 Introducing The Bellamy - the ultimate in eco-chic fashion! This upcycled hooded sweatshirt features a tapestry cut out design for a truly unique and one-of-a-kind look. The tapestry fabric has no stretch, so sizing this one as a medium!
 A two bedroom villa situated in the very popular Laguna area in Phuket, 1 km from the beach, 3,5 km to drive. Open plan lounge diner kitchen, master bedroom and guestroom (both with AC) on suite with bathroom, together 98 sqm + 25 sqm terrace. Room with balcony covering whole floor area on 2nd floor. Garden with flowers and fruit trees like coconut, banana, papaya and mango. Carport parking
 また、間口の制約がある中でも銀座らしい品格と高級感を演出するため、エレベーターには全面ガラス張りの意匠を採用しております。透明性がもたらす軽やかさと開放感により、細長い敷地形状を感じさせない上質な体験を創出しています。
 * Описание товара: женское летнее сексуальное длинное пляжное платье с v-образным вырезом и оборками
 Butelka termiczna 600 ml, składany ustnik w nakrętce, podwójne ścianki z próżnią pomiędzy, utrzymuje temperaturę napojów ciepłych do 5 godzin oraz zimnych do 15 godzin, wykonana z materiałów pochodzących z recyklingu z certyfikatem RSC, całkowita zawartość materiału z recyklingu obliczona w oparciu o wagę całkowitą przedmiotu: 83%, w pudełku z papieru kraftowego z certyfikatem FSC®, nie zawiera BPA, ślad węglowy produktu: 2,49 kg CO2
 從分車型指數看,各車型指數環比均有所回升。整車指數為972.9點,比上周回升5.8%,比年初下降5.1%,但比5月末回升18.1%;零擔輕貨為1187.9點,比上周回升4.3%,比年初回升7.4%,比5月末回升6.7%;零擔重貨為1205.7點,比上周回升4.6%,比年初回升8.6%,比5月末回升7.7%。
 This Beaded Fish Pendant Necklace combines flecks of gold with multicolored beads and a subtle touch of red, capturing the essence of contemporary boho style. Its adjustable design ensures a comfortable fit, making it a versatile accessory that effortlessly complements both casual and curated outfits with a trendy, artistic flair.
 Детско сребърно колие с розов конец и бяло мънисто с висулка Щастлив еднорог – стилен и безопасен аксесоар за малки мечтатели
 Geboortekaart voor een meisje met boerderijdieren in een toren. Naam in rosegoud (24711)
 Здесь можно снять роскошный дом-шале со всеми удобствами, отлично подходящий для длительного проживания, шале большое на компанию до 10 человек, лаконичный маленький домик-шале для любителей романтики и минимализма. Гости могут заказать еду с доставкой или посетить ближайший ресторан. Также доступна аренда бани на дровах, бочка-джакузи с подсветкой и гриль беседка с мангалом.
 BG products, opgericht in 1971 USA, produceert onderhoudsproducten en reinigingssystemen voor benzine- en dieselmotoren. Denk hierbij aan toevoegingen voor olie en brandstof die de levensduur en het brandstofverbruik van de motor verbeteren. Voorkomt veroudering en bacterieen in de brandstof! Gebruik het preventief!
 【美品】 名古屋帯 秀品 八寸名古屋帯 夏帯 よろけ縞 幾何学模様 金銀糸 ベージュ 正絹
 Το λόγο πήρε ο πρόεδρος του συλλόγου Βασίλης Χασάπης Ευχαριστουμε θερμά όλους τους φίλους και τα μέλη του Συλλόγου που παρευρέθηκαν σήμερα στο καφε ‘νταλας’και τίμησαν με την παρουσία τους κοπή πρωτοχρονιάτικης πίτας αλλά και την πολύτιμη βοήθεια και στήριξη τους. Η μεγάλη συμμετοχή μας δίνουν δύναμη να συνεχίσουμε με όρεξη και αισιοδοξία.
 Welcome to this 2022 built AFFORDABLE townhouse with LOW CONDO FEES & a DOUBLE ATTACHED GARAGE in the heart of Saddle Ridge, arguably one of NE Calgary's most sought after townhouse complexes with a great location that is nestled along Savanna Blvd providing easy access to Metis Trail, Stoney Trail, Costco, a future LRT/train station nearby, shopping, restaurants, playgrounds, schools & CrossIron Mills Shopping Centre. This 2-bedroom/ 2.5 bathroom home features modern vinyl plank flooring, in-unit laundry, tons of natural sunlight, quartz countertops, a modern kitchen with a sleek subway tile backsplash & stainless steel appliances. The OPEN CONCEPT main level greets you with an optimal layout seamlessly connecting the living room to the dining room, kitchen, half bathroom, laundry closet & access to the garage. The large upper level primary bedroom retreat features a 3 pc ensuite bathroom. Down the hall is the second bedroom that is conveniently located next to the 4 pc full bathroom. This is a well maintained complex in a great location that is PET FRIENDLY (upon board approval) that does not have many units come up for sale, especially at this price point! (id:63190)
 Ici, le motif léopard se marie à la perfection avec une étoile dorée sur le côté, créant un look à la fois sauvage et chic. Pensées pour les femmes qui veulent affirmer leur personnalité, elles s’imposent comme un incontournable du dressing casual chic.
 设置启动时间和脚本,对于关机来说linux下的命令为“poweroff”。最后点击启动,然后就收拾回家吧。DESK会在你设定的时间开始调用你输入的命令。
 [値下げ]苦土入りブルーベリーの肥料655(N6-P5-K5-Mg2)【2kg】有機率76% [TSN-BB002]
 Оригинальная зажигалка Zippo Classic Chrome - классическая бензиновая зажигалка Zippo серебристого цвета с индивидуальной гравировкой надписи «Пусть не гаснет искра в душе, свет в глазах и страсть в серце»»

_ _ _ _

Look through the data and show every line containing "This".

 Introducing The Bellamy - the ultimate in eco-chic fashion! This upcycled hooded sweatshirt features a tapestry cut out design for a truly unique and one-of-a-kind look. The tapestry fabric has no stretch, so sizing this one as a medium!
 This Beaded Fish Pendant Necklace combines flecks of gold with multicolored beads and a subtle touch of red, capturing the essence of contemporary boho style. Its adjustable design ensures a comfortable fit, making it a versatile accessory that effortlessly complements both casual and curated outfits with a trendy, artistic flair.
 Welcome to this 2022 built AFFORDABLE townhouse with LOW CONDO FEES & a DOUBLE ATTACHED GARAGE in the heart of Saddle Ridge, arguably one of NE Calgary's most sought after townhouse complexes with a great location that is nestled along Savanna Blvd providing easy access to Metis Trail, Stoney Trail, Costco, a future LRT/train station nearby, shopping, restaurants, playgrounds, schools & CrossIron Mills Shopping Centre. This 2-bedroom/ 2.5 bathroom home features modern vinyl plank flooring, in-unit laundry, tons of natural sunlight, quartz countertops, a modern kitchen with a sleek subway tile backsplash & stainless steel appliances. The OPEN CONCEPT main level greets you with an optimal layout seamlessly connecting the living room to the dining room, kitchen, half bathroom, laundry closet & access to the garage. The large upper level primary bedroom retreat features a 3 pc ensuite bathroom. Down the hall is the second bedroom that is conveniently located next to the 4 pc full bathroom. This is a well maintained complex in a great location that is PET FRIENDLY (upon board approval) that does not have many units come up for sale, especially at this price point! (id:63190)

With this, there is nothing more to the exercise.